Amira Mortada, El Shorouk Newspaper, Associated Press
CAIRO — They tirelessly hold rallies, whether at night or under cold rain, chanting for the return of Egypt's ousted Islamist President Mohammed Morsi. They clash with police, hurling back fuming tear gas canisters and getting dragged by their veils and thrown behind bars. At protests in universities, they get into fistfights with rival female students.
Women supporters of the Muslim Brotherhood have stepped into the front line of Islamist protests, one of the few branches of the organization not crushed by a heavy crackdown since Morsi's removal in a July 3 coup.
Former group members say it's an intentional survival tactic by the Brotherhood, aiming to keep its street pressure alive and betting that security forces are less likely to strike heavily against women — and that if they do, it will win public sympathy for the Islamists' cause.
It's a major change in role for the Muslim Sisterhood, as the women's branch is known. Like the Brotherhood's male cadres, its women are highly disciplined and undergo years of indoctrination instilling principles of obedience — often from childhood — but in the women's case, they have largely been trained to play a mostly backseat, family-centered part.
In daily protests the past months, they have proven determined and ferocious.
"We are protecting our religion. I came out for the sake of Islam," said a slim veiled 13-year-old Souhidah Abdel-Rahman, who was arrested along with her mother during a pro-Morsi protest in October in the Mediterranean city of Alexandria.
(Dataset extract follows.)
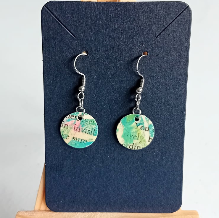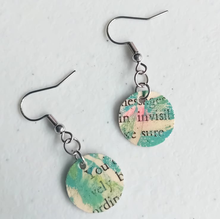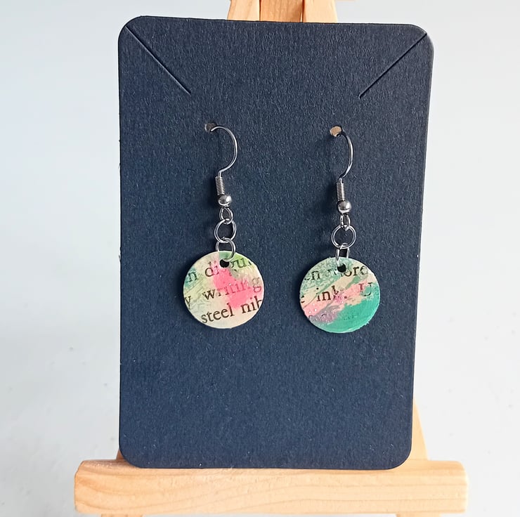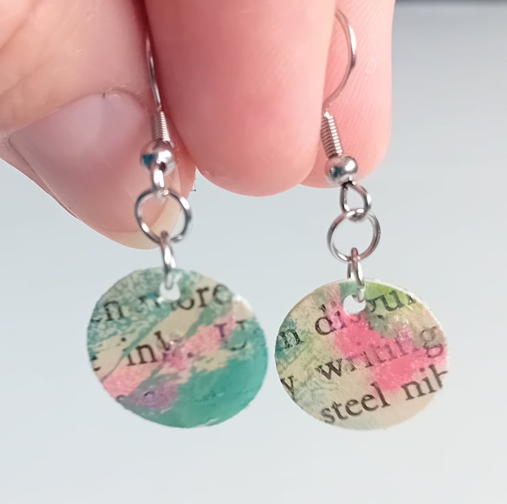 This is a fab pair of unique handmade small round shaped dangle earrings created from painted vintage book pages. This was left over from creating a collage artwork, but was too pretty to waste! I have added a little sparkle detail and finished with a gloss coating.
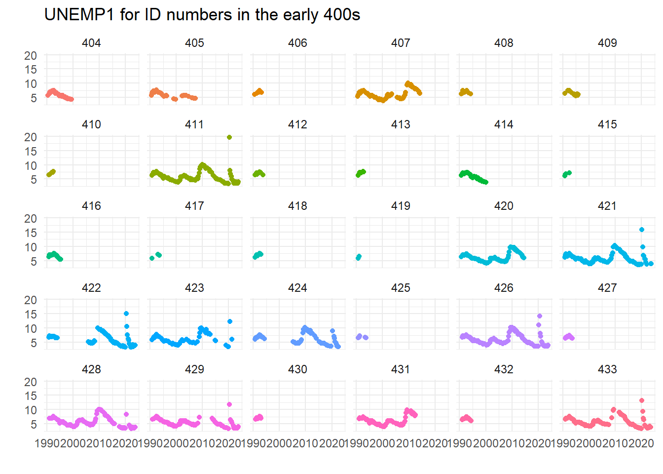 labs(x="", y="", title="UNEMP1 for ID numbers in the early 400s")

Abdel-Rahman was immediately released because of her age, but her mother remained in detention.
"They want to break our back but we are not going to back off," she said, speaking to The Associated Press as she visited her mother earlier this month at a prison in the Nile Delta city of Damanhour.
A male Brotherhood youth leader from the southern city of Assiut said he and many members are "hibernating" in the face of the crackdown. But he said the group is betting that the public, which largely backed Morsi's ouster, will eventually turn against the military and interim government under pressing economic conditions. He spoke of the "butterfly" tactic of swift, snap demonstrations organized by the group's surviving lower cadres.
Women and students, he said, play an important role. "The women are hardly harmed because no one knows them. Security authorities don't have files for them," he said, speaking on condition of anonymity because of security concerns. Also, women help heal the relationship between the Brotherhood and the public, he added, acknowledging that "the group is hated in the street now."
The attempt to win public sympathies appears to be having mixed success.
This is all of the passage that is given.